November 19, 2015 / 5:05 AM / in 2 years

Slow U.S. tuition growth is 'new normal' for higher ed - Moody's

2 Min Read

Nov 18 (Reuters) - U.S. universities and colleges should expect to see sluggish tuition growth next year, according to a report released Thursday by Moody's Investors Service.

Higher education institutions suffered the weakest tuition growth in the history of Moody's survey last year. Such sluggishness "appears to be the 'new normal,'" reported Moody's, which is predicting another year of tuition revenue growth near levels of inflation, approximately 2 percent.

That is a significant departure from the booming years of 2005 to 2013, when schools saw net tuition grow by more than 5 percent annually.

Almost two-thirds of public universities will see tuition growth under 3 percent, in part because of state-imposed limits to keep tuition low and student enrollments that are either flat or declining.

Among private universities, 44 percent are now discounting tuition, meaning they are slashing their price tags by more than half. Private colleges with only a regional draw, as opposed to national recognition, will enjoy the least pricing power.

There is an increasing divide between schools with national brands and a strong student pipelines and those without.

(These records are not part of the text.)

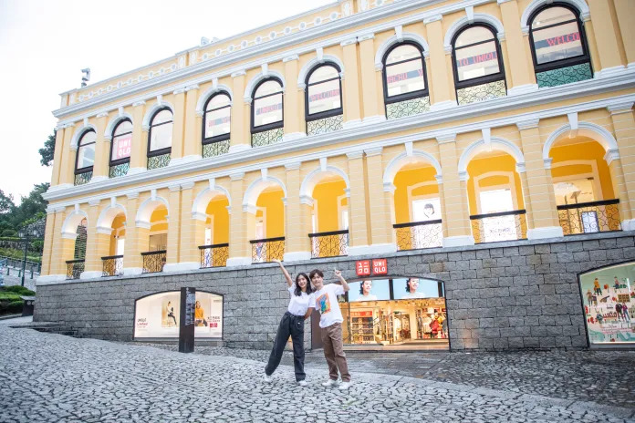 自从优衣库UNIQLO澳门大三巴前店开业后,既能避开人流又能和地标建筑大三巴牌坊合照的机位,又增加了一个!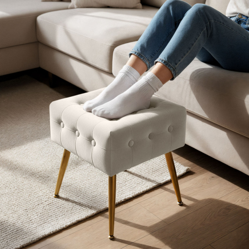 Scurta descriere: Taburetul tapitat Quadra este o piesa compacta si eleganta, ideala pentru interioare cu stil sofisticat. Tapiteria din welur ofera un aspect rafinat si o senzatie placuta la atingere, iar forma patrata il face usor de integrat in living, dormitor sau hol.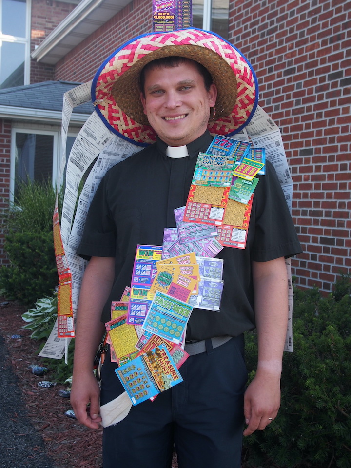 At the 2022 chicken barbecue, the Rev. Nicholas Evancho wears a sombrero covered with lottery tickets.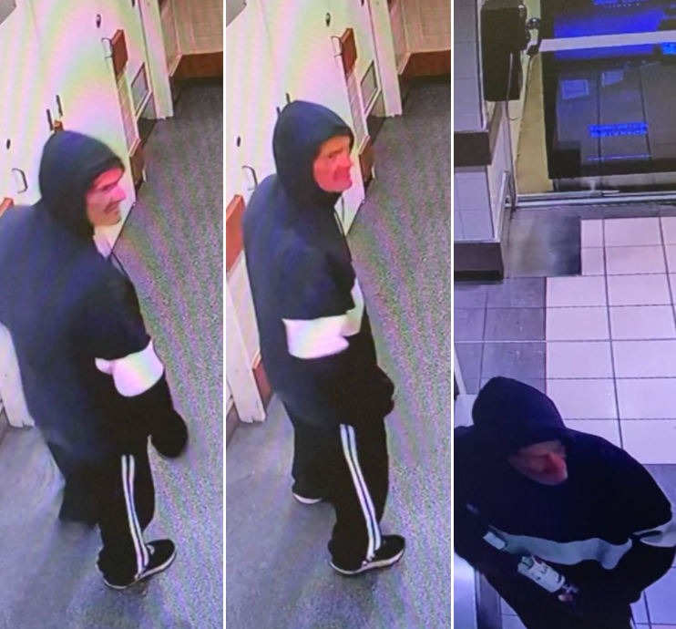 The male offender is described as aged between 40-50 years, caucasian and was wearing black and white striped hooded jumper, black and white striped pants, black shoes and a black cap.

Law schools and other universities that cater to niche markets are most exposed to volatile swings in revenue, Moody's noted.

Regional distinctions persist as well. Around the country, schools in the south and the west are projected to have stronger net tuition revenue growth. The Northeast and Midwest will experience more pressure. Overall, 40 percent of universities saw lower enrollments this fall than five years ago.

To ease the fiscal stress, many schools have turned to recruiting international students that can pay full tuition.

"This growth helps buffer demographic challenges, particularly in the Midwest and Northeast," Moody's reported. But "it is not a panacea given the relatively small portion of total enrollment and increasing competition for these students."